In the United States, there is not a standard for veil tails. They are shown in the Variations class. However, there are trial standards for the IBC in Europe, and Bettas4All has their standards publicly available as well.

If you are a member of the IBC, the Veil trial standards can be found in the files section - it's a little tricky to get to, so if you are digging through the files and can't find them let me know.

Here are the Bettas4All standards:
http://www.hollandbettashow.com/bet...Standard/Bettas4allStandard2013-Chapter3F.pdf

The picture you'd like to focus on to work towards the IBC trial standards (bettas4all is Euro based and does not have shows in the U.S.) is picture #2, with the pointed caudal.
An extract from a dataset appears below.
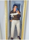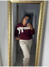 Sudadera lazos, franja. Talla única (tallan de la S a la XL), contornos 110 cm y largo 62 cm. Tejido muy bueno, no es muy gordo.

This is NOT quite what the IBC trial standards look like, however. The most notable difference is in the IBC trial, the dorsal at the base should be no more than 1/2 and preferably closer to 1/3 the length of the base of the anal, and shaped like a sickle or scythe rather than a teardrop. There should be no overlap between the dorsal and the caudal. In addition, you want a nice, right angle where the anal hangs from the body. Wide gaps are to be desired.


----------



## Tigerbarb92 (Feb 17, 2015)

I'm new here can anyone tell be how to set up my own question


----------



## hrutan (Jun 25, 2014)

Select the subsection where you wish to comment or post, and look at the left hand side, right above where the titles of other people's posts begin. There's a button marked "New Thread" which you can press to begin your own thread to ask your question.

Be sure you're in the right place before you create the thread! Otherwise the people with the answers might not be there to see it.


----------



## Alyssalovesbettas (Jul 19, 2014)

Thank you hrutan! This is exactly what I was looking for! I just need to renew my membership and I'll start hunting for the page! :-D


----------



## hrutan (Jun 25, 2014)

In the BetterBettas Yahoo Group, this is the path:

Files --> Standards Updates --> 2013-2014 --> Trial - Veiltail Standard.doc


----------